While it’s easy to create infused vodkas at home, it’s much less time-consuming (and much more fun) to sample the selection at some of New York City’s finest Russian bars. There are standard flavors available wherever vodka is infused, like cranberry, cherry, or horseradish, but each establishment offers a handful of distinctive flavors as well. The Russian Vodka Room on West 52nd St., for example, offers infusions with a non-Russian twist, such as pear and caramelized walnut, blueberry and Tahitian vanilla, and red grapefruit. It also serves savory classics like one flavored with garlic, pepper, and dill.
Across the street at Russian Samovar (the former site of the famed Rat Pack hangout Jilly’s), the selections grow a little more esoteric, with herbal infusions like coriander, tarragon, and mint.
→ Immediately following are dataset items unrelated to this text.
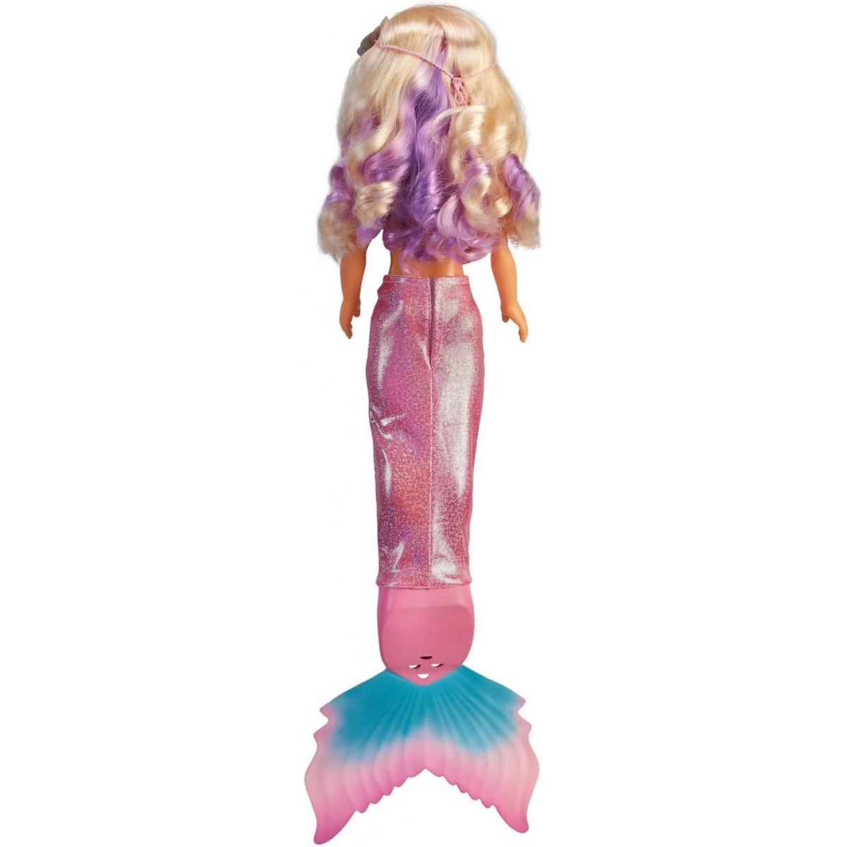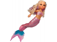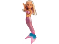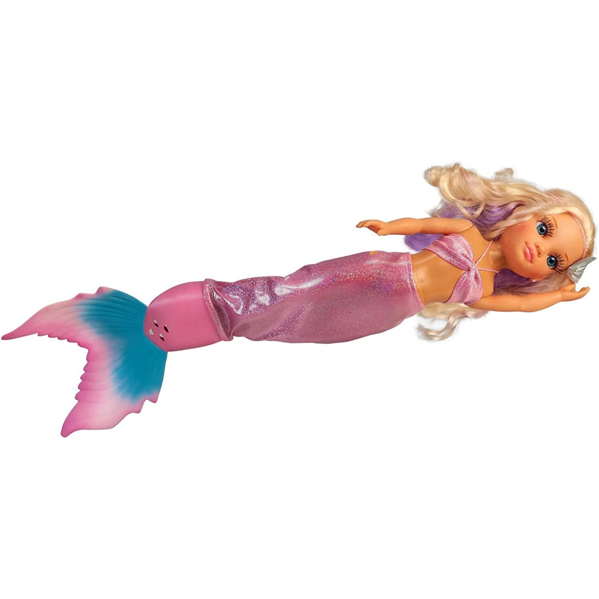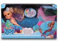 Nancy se lo pasa en grande en la Escuela de Sirenas, donde aprende a nadar como una sirena de verdad junto a sus amigas. Nancy lleva un top rosa a conjunto con su bonita cola brillante, y una diadema con una concha de adorno, para destacar su largo pelo rubio con mechas moradas. Al introducir a Nancy en el agua, la muñeca comenzará a desplazarse haciendo movimiento con la cola, como hacen las sirenas. Además podrás jugar con ella también fuera del agua, ya que su cola flexible le permite mantenerse de pie.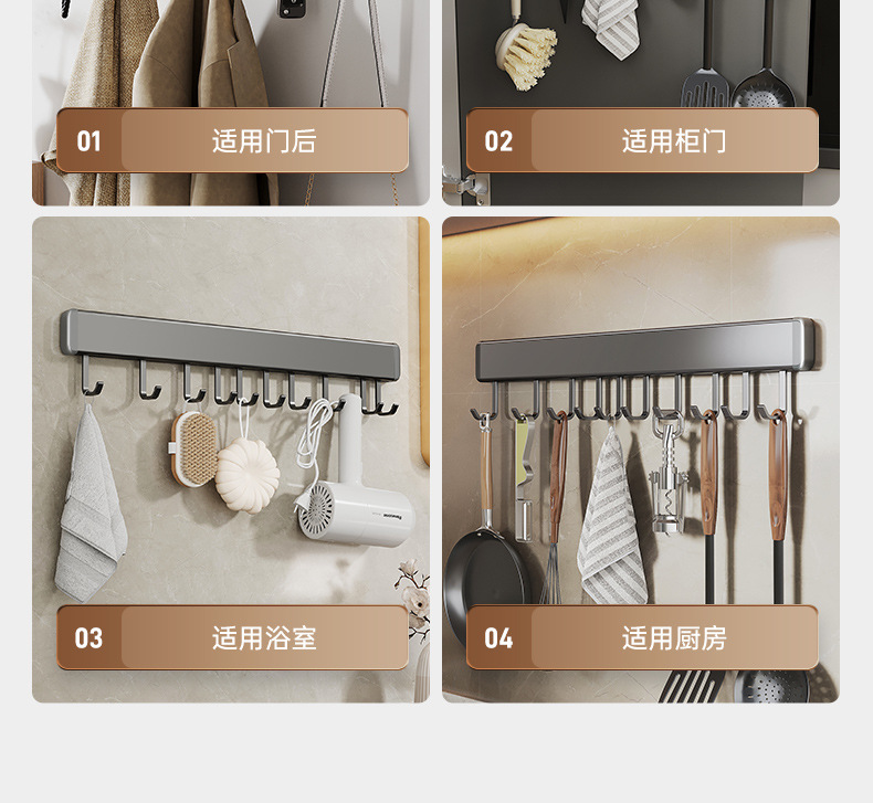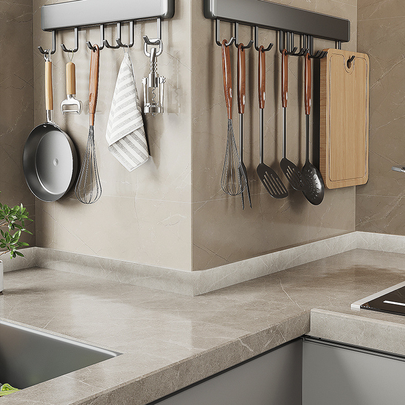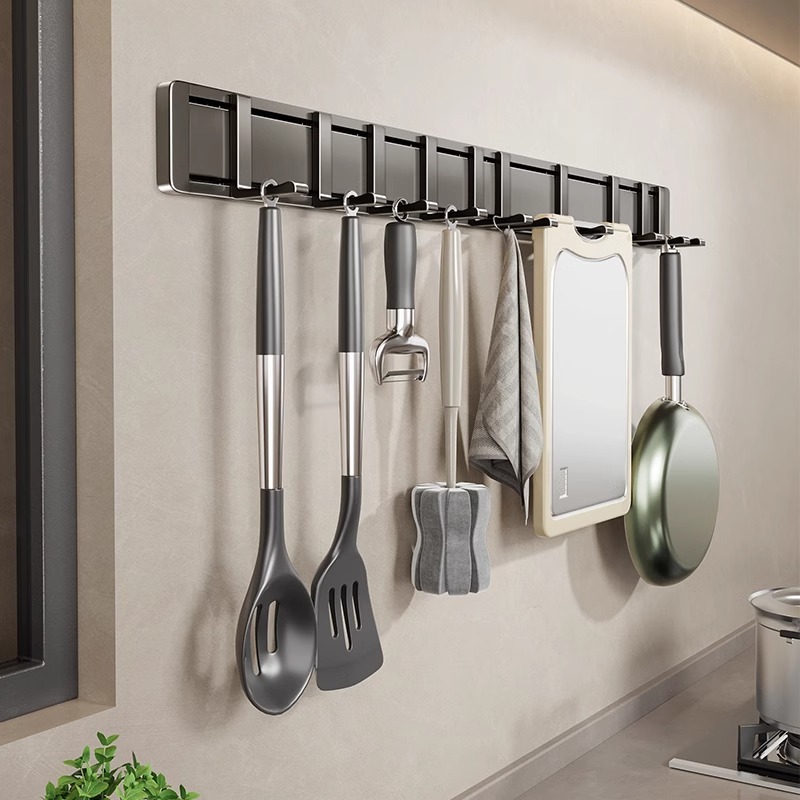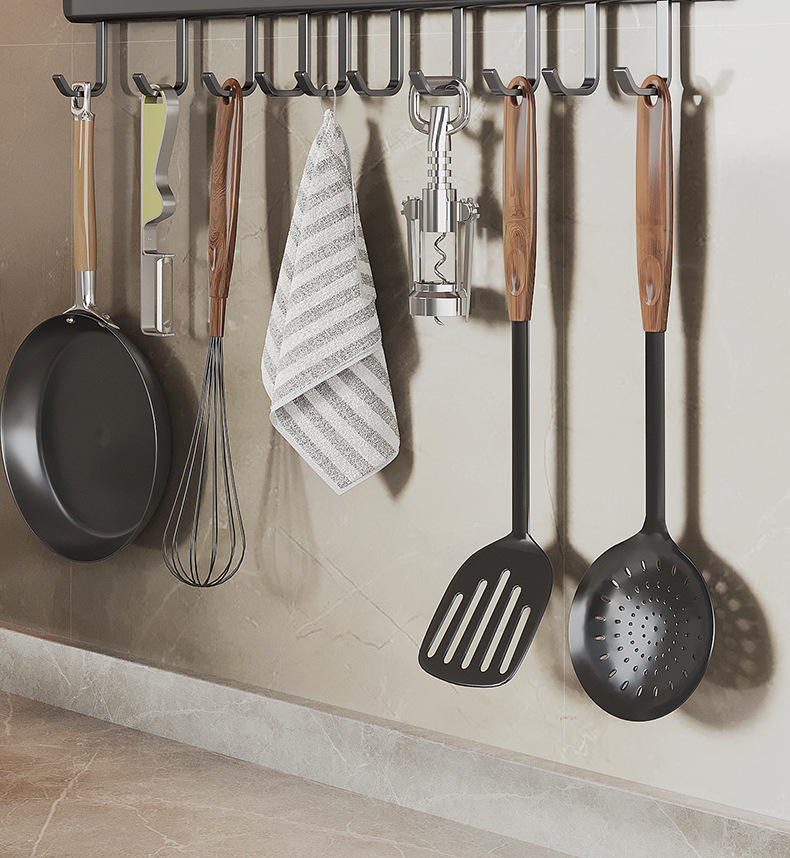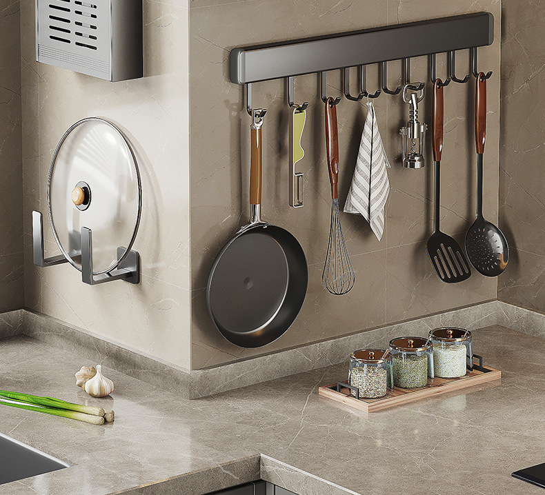 キッチンフック穴なし掛け棒キッチン棚鍋シャベルスプーン掛け棚宇宙アルミフック壁掛け式収納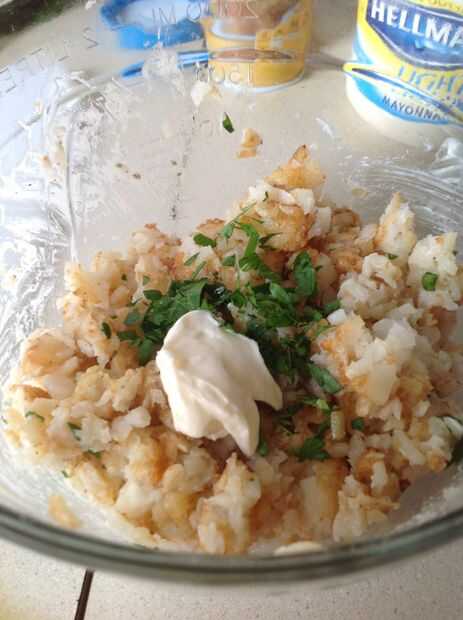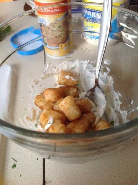 Lentamente añadir tots tater en el recipiente y puré para arriba. Agregar más de cualquiera de los condimentos perejil limón o mayonesa si es necesario!!
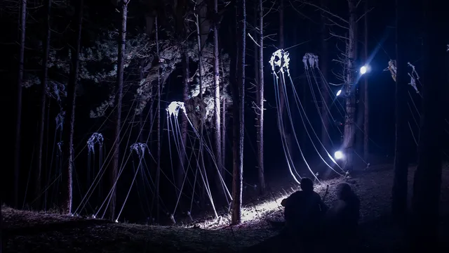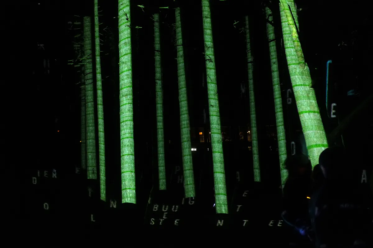 Indrukwekkend is 'Be a light' van het kunstenaarscollectief Het Blauwe Uur. Programmeur Carolien Euser wist zich aanvankelijk geen raad met het project maar stemde uiteindelijk toch toe. Daarvoor hebben ze een gigantische interactieve lichtinstallatie aangebracht in het bos. Door op knopjes te drukken of aan touwtjes te trekken veranderen de patronen van het licht. Letters, vormen en kleuren glijden door het landschap. ,,Echt space", volgens Dijkman.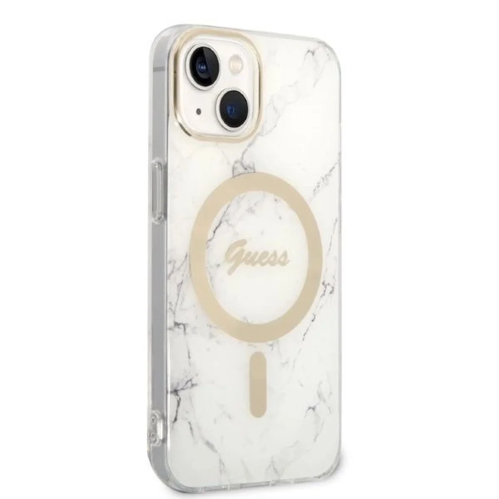 A Márvány kollekció lenyűgöző tokjai ötvözik a modern dizájnt és a szokatlan megjelenést. A Guess márvány tokok időtlen eleganciája lenyűgöz a sajátos tervezésével minden tokban. A tok termoplasztikus poliuretánból készült, és nyers, hideg megjelenése révén karaktert kölcsönöz az iPhone-odnak, és kiemeli a mindennapi stílusodat. Az arany kiegészítők a kamera körüli keret és a Guess divatház emblémája formájában különleges vizuális hatásokat nyújtanak. Az arany kiegészítők használatával a tok melegebb karaktert kap. A legnagyobb használói kényelem érdekében a tok mágneses gyűrűvel van felszerelve, amely kompatibilis a MagSafe technológiával, lehetővé téve a gyors, vezeték nélküli töltést.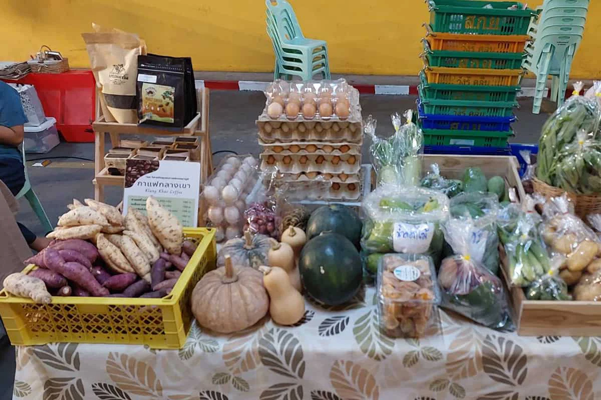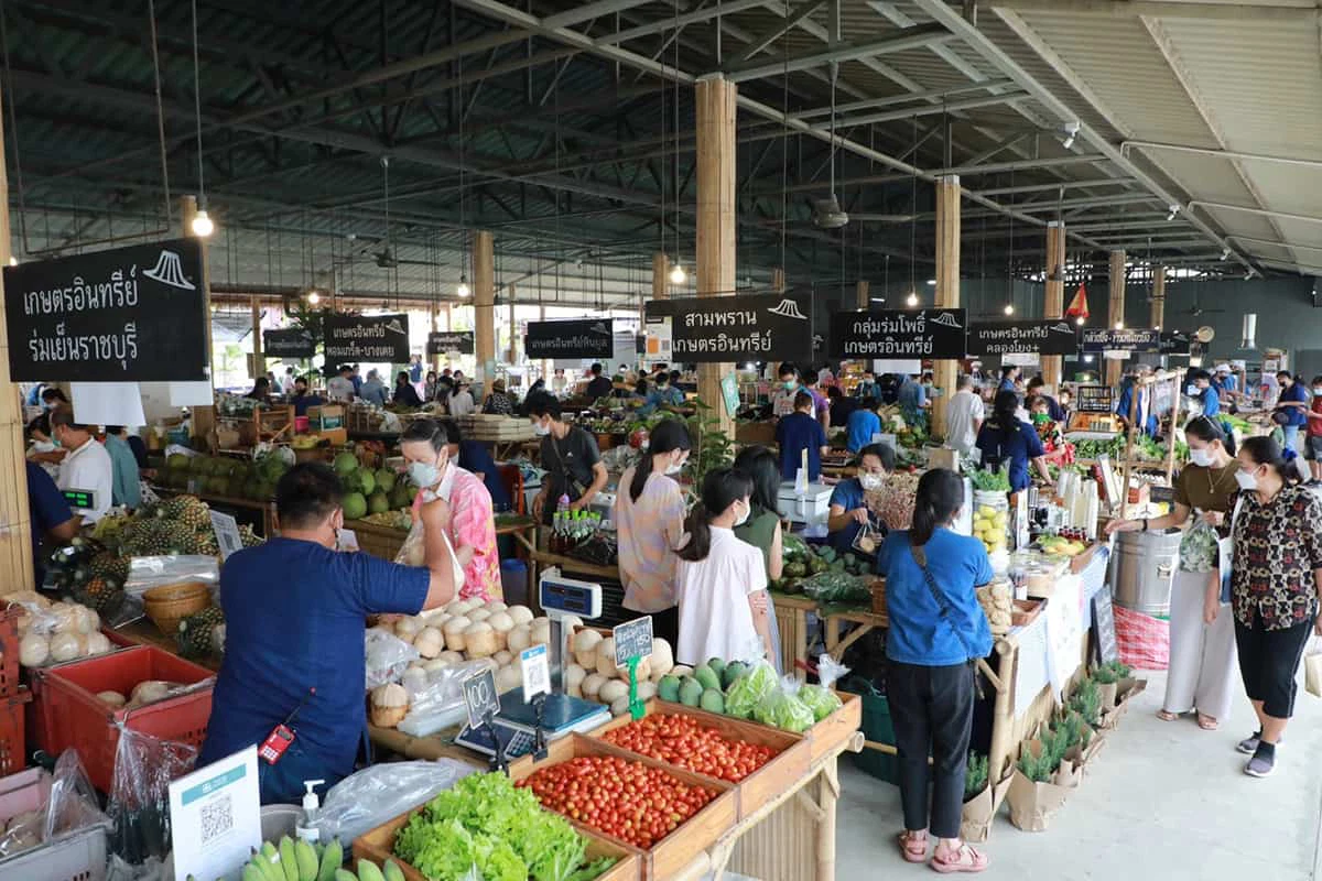 แถมยังได้เดินช้อปในตลาดได้แบบสุขใจสมชื่อ เพราะได้ทั้งของกินของใช้ที่ดีต่อกาย ดีต่อใจ และได้สัมผัสบรรยากาศแบบไทย ๆ ฟีลน่ารัก ๆ ที่บรรดาพ่อค้าแม่ค้าคอยต้อนรับอย่างมิตรไมตรี หรือถ้าจะถามถึงแหล่งที่มาของที่เราซื้อ พ่อค้าแม่ค้าก็ตอบได้หมด เพราะสินค้าต่าง ๆ เกษตรกรเป็นคนผลิตและจำหน่ายเองทั้งหมด เรียกว่าเป็นอีกตลาดของการพบปะระหว่างผู้บริโภคกับเกษตรกรตัวจริง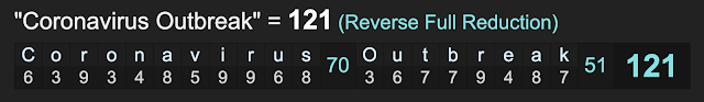It was 9-days later that “the first case of coronavirus” in the U.S. was uncovered, January 21, or 1/21, which is a disease being blamed on bats, as it is bats that are also blamed in the 2011 film Contagion, emphasis on ’11. Keep in mind, 121 has a square root of 11, and 11 is the master number.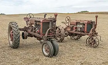 Трактори «Farmall Regular» 1930 року (з гумовими шинами) та 1927 року (із залізними колесами)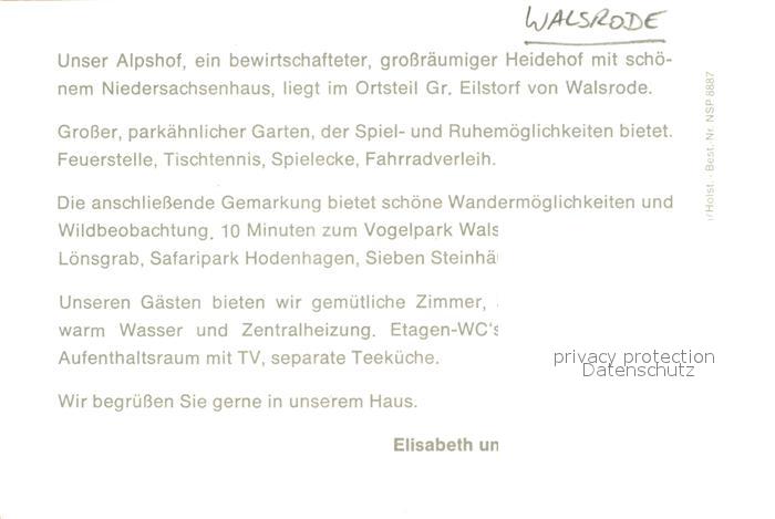 73730622 Walsrode Lueneburger Heide Hof Lohmann Niedersachsenhaus Informationen postalisch nicht gelaufen Werbekarte (keine Postkarte) Erhaltung siehe scans [LiesaD40] KatCode: 11110003358022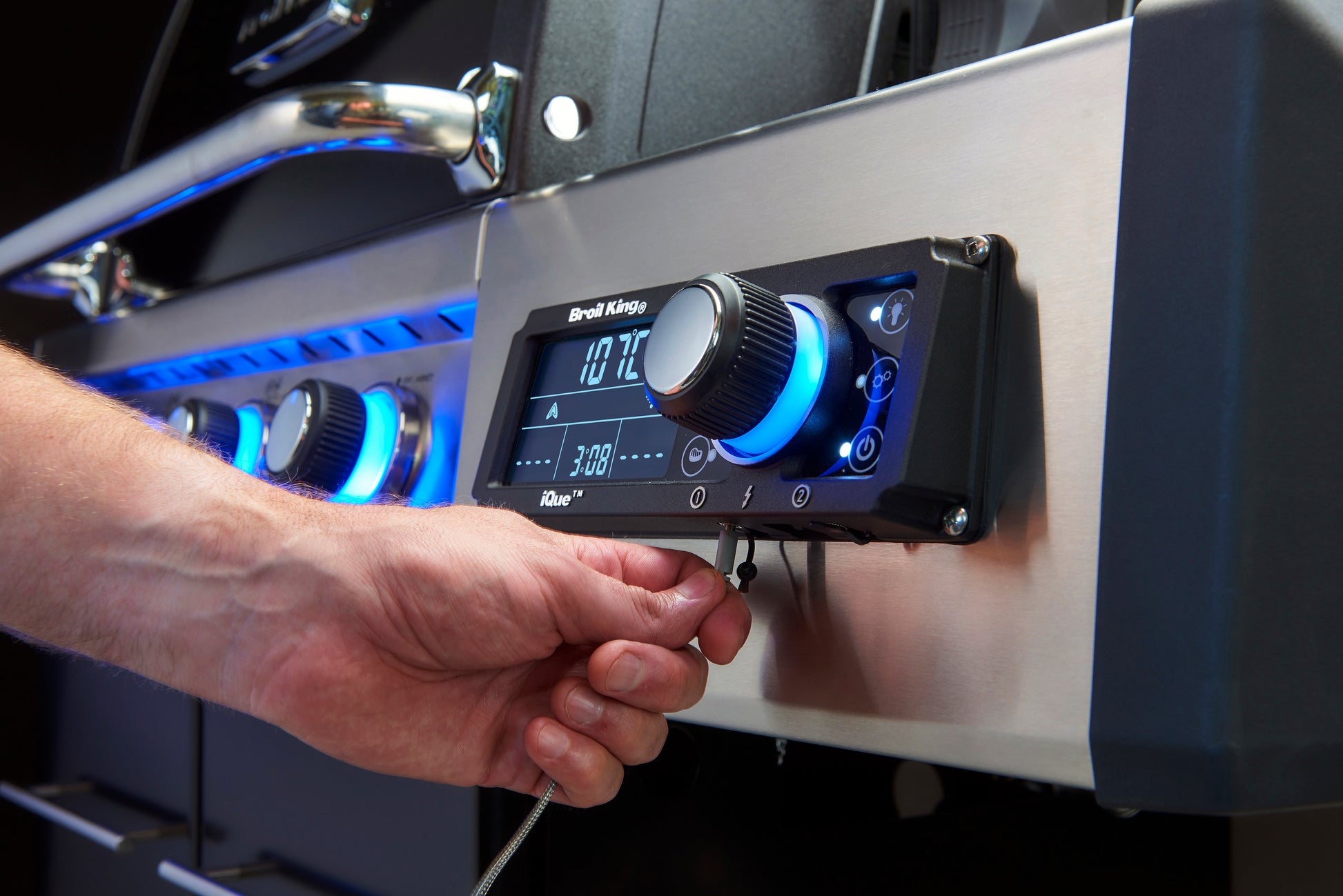 - Patenterad iQue™-teknologi i grillboxen med automatisk tillagningsstyrning, digital temperaturvisning, kontrollvred med LED-belysning och valbar färg, temperaturgivare och timer

Classic belly-filling and soul-warming Russian fare like beef stroganoff and chicken Kiev make a perfect follow-up to a vodka . . . or three.
For the downtown crowd, Pravda (on Lafayette St. in Soho) offers 10 infusions, among them a luscious fig vodka and a deliciously spicy chili-and-horseradish combo. The food menu is relatively Americanized, though Russian delicacies from pirozhki to lamb shashlik are also available.
And on 20th St. in the Flatiron District, Mari Vanna has perfected two intriguing honey-based infusions, one with oats and one with pepper, as well as lingonberry and even seaberry expressions. The food menu is just as intriguing, featuring delicacies like golubtsy (cabbage leaves stuffed with meat, rice, and vegetables) and chicken tabaka, pressed and roasted with a tomato-and-garlic-based Kavkazskiy sauce.